_DATA_
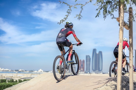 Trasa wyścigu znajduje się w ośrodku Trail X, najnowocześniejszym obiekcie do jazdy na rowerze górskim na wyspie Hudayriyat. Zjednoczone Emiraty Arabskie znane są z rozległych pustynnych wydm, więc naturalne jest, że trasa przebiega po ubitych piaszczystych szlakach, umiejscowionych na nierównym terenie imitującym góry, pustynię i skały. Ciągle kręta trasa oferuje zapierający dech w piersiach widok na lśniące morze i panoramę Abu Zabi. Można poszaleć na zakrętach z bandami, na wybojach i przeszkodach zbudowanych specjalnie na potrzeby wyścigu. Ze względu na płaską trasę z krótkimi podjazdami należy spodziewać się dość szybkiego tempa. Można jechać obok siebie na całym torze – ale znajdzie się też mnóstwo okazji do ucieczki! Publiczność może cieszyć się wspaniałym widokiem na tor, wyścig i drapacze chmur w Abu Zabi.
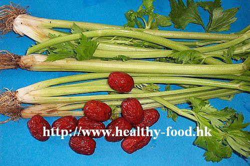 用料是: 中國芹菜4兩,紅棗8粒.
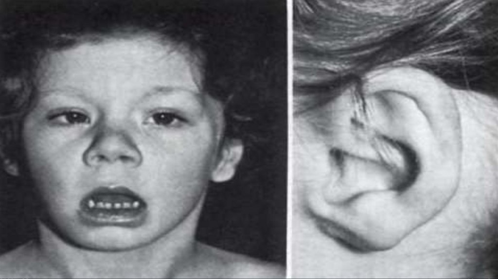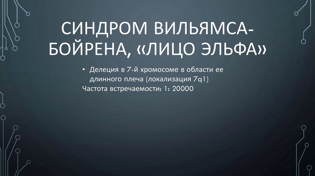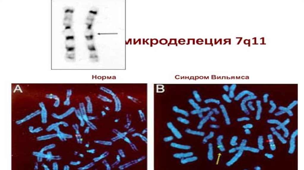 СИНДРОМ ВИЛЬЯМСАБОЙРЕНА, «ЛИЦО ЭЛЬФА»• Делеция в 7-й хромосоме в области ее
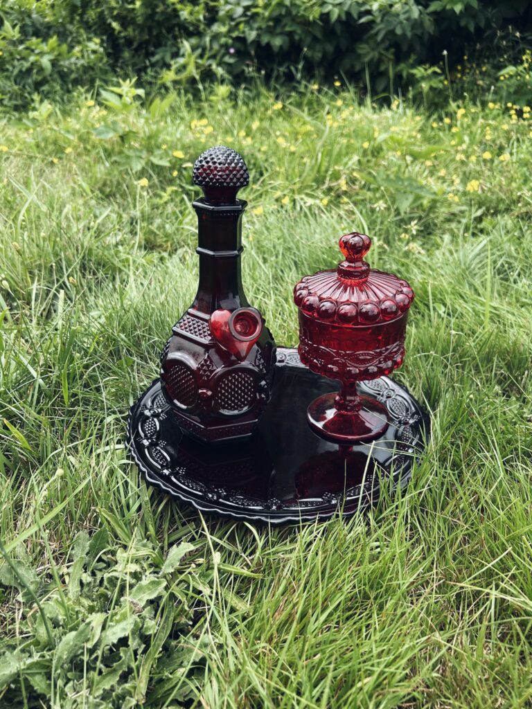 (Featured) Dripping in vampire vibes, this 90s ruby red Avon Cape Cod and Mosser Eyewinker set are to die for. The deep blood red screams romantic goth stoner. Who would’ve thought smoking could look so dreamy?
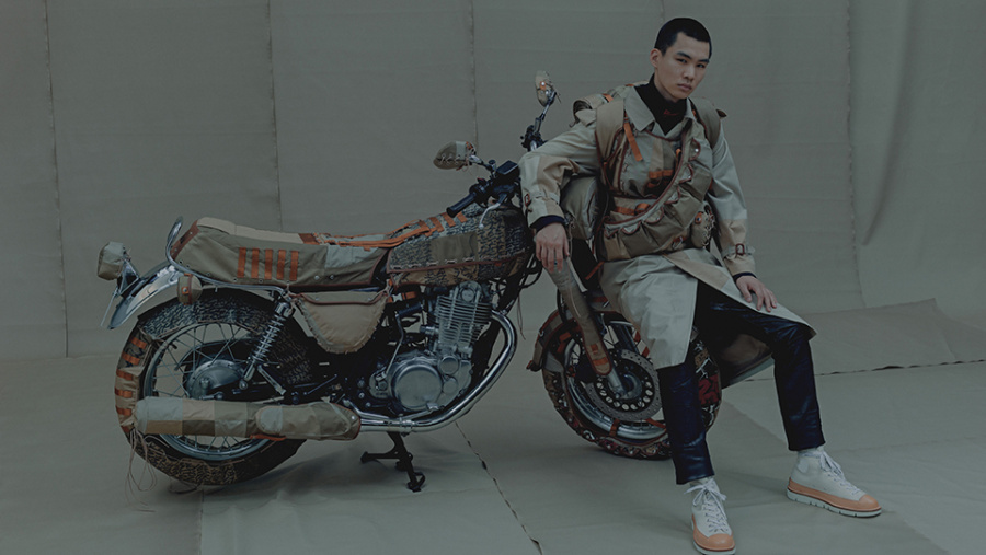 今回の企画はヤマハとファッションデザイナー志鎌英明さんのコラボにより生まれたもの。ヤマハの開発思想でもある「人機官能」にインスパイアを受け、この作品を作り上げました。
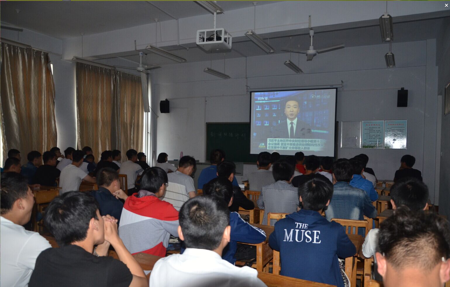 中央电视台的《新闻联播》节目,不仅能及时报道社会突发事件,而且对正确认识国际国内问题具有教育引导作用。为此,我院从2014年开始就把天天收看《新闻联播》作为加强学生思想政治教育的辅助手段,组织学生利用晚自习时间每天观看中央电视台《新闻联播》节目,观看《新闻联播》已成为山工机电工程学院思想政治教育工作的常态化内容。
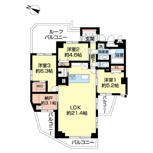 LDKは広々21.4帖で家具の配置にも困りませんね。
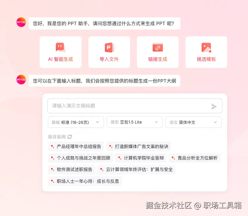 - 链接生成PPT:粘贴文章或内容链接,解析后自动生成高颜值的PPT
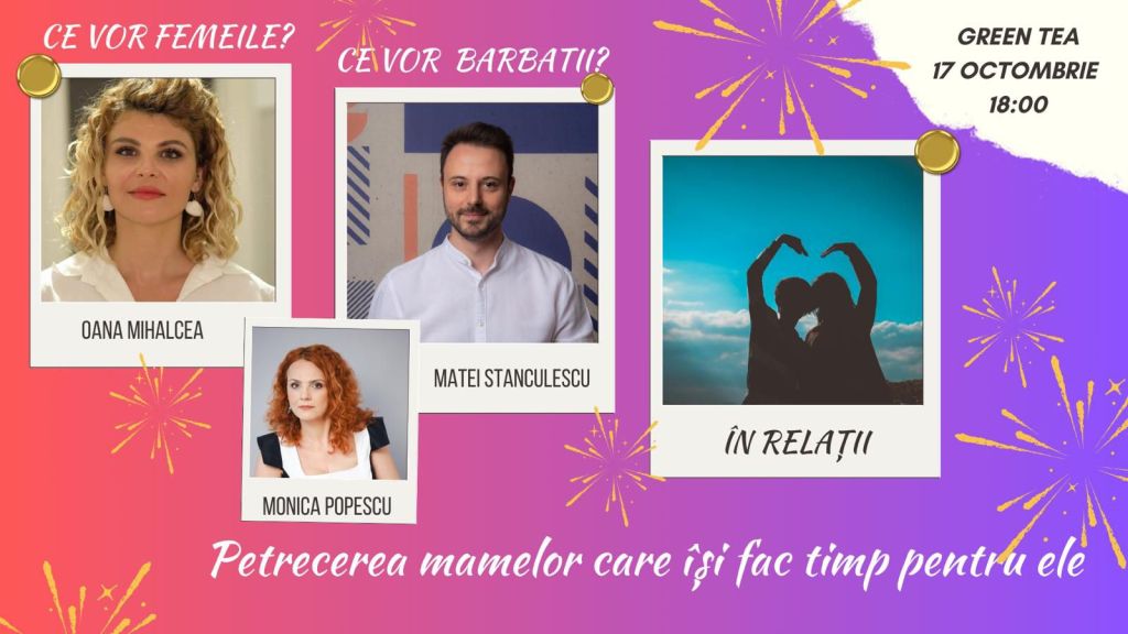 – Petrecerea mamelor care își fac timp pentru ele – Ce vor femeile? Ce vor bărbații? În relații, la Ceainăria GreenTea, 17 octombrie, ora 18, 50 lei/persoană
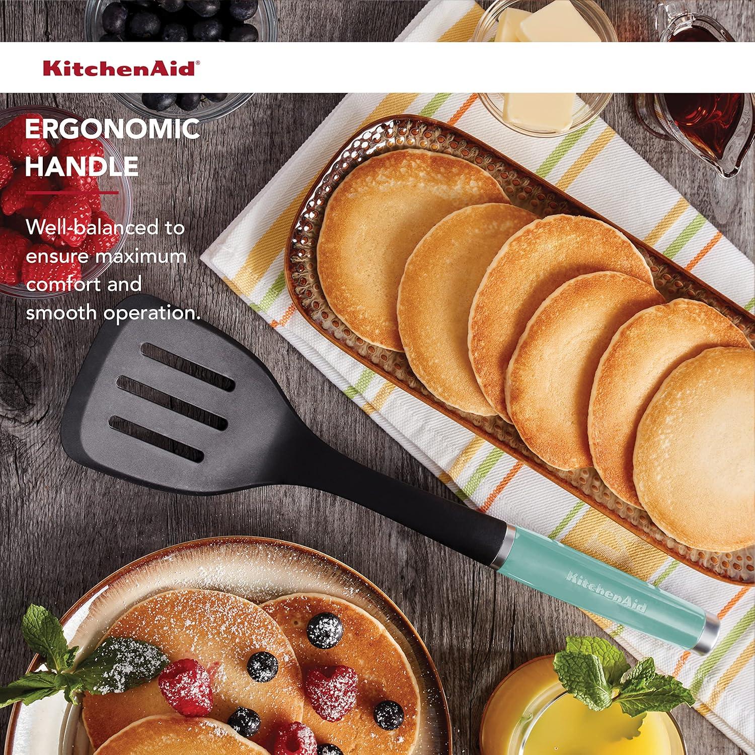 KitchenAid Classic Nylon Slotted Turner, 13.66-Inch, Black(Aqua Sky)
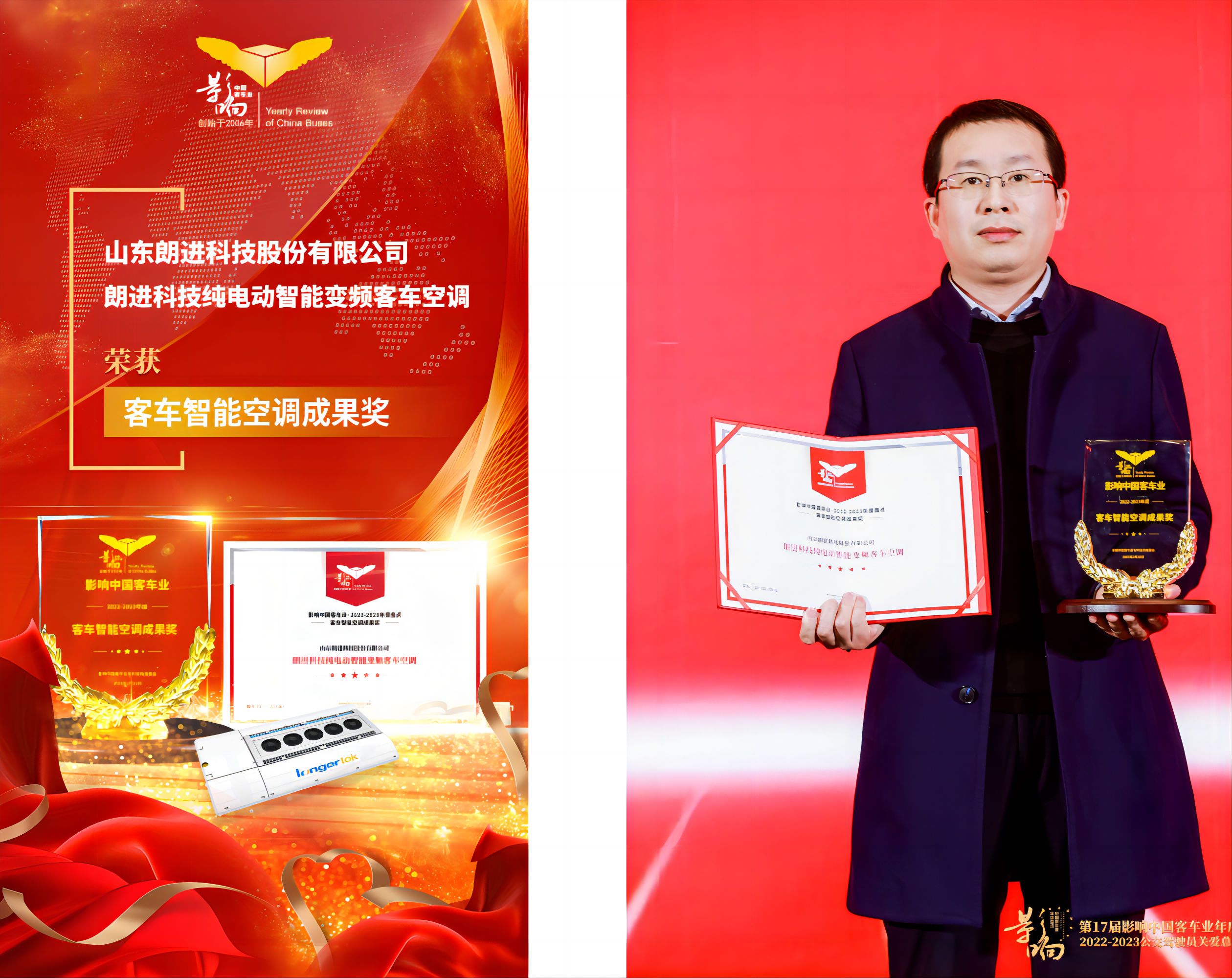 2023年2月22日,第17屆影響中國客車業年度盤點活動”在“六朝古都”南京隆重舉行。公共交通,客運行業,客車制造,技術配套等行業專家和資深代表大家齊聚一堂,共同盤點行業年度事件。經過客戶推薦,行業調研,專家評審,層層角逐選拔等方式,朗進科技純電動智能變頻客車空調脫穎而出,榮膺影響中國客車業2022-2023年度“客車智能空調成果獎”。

_YOUR OBJECTIVE_
Please retype, exactly as they appear, the lines from the one with "中央电视台的《新闻联播》节目" through the final line of the material, both included, and drop any pictures.

_REPLY_
 中央电视台的《新闻联播》节目,不仅能及时报道社会突发事件,而且对正确认识国际国内问题具有教育引导作用。为此,我院从2014年开始就把天天收看《新闻联播》作为加强学生思想政治教育的辅助手段,组织学生利用晚自习时间每天观看中央电视台《新闻联播》节目,观看《新闻联播》已成为山工机电工程学院思想政治教育工作的常态化内容。
 LDKは広々21.4帖で家具の配置にも困りませんね。
 - 链接生成PPT:粘贴文章或内容链接,解析后自动生成高颜值的PPT
 – Petrecerea mamelor care își fac timp pentru ele – Ce vor femeile? Ce vor bărbații? În relații, la Ceainăria GreenTea, 17 octombrie, ora 18, 50 lei/persoană
 KitchenAid Classic Nylon Slotted Turner, 13.66-Inch, Black(Aqua Sky)
 2023年2月22日,第17屆影響中國客車業年度盤點活動”在“六朝古都”南京隆重舉行。公共交通,客運行業,客車制造,技術配套等行業專家和資深代表大家齊聚一堂,共同盤點行業年度事件。經過客戶推薦,行業調研,專家評審,層層角逐選拔等方式,朗進科技純電動智能變頻客車空調脫穎而出,榮膺影響中國客車業2022-2023年度“客車智能空調成果獎”。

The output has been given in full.